POTHINUS. Caesar: you think that Cleopatra is devoted to you.

CAESAR (gravely). My friend: I already know what I think. Come to
your offer.

POTHINUS. I will deal plainly. I know not by what strange gods
you have been enabled to defend a palace and a few yards of beach
against a city and an army. Since we cut you off from Lake
Mareotis, and you dug wells in the salt sea sand and brought up
buckets of fresh water from them, we have known that your gods
are irresistible, and that you are a worker of miracles. I no
longer threaten you.

RUFIO (sarcastically). Very handsome of you, indeed.

POTHINUS. So be it: you are the master. Our gods sent the north
west winds to keep you in our hands; but you have been too strong
for them.

CAESAR (gently urging him to come to the point). Yes, yes, my
friend. But what then?

RUFIO. Spit it out, man. What have you to say?
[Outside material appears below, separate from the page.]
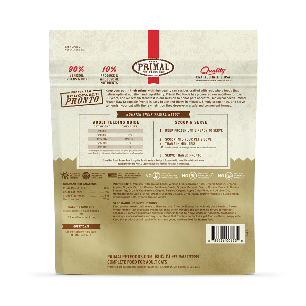 Venison (with ground bone), Venison Livers, Organic Kale, Organic Squash, Organic Apples, Organic Carrots, Organic Sunflower Seeds, Organic Pumpkin Seeds, Organic Broccoli, Organic Blueberries, Organic Cranberries, Organic Parsley, Organic Apple Cider Vinegar, Cod Liver Oil, Montmorillonite Clay, Fish Oil, Organic Coconut Oil, Salt, Dried Yeast, Taurine, Vitamin E Supplement, Dried Organic Kelp, Organic Ground Alfalfa

POTHINUS. I have to say that you have a traitress in your camp.
Cleopatra.

THE MAJOR-DOMO (at the table, announcing). The Queen! (Caesar and
Rufio rise.)

RUFIO (aside to Pothinus). You should have spat it out sooner,
you fool. Now it is too late.

Cleopatra, in gorgeous raiment, enters in state through the
gap in the colonnade, and comes down past the image of Ra
and past the table to Caesar. Her retinue, headed by Ftatateeta,
joins the staff at the table. Caesar gives Cleopatra his seat,
which she takes.

CLEOPATRA (quickly, seeing Pothinus). What is HE doing here?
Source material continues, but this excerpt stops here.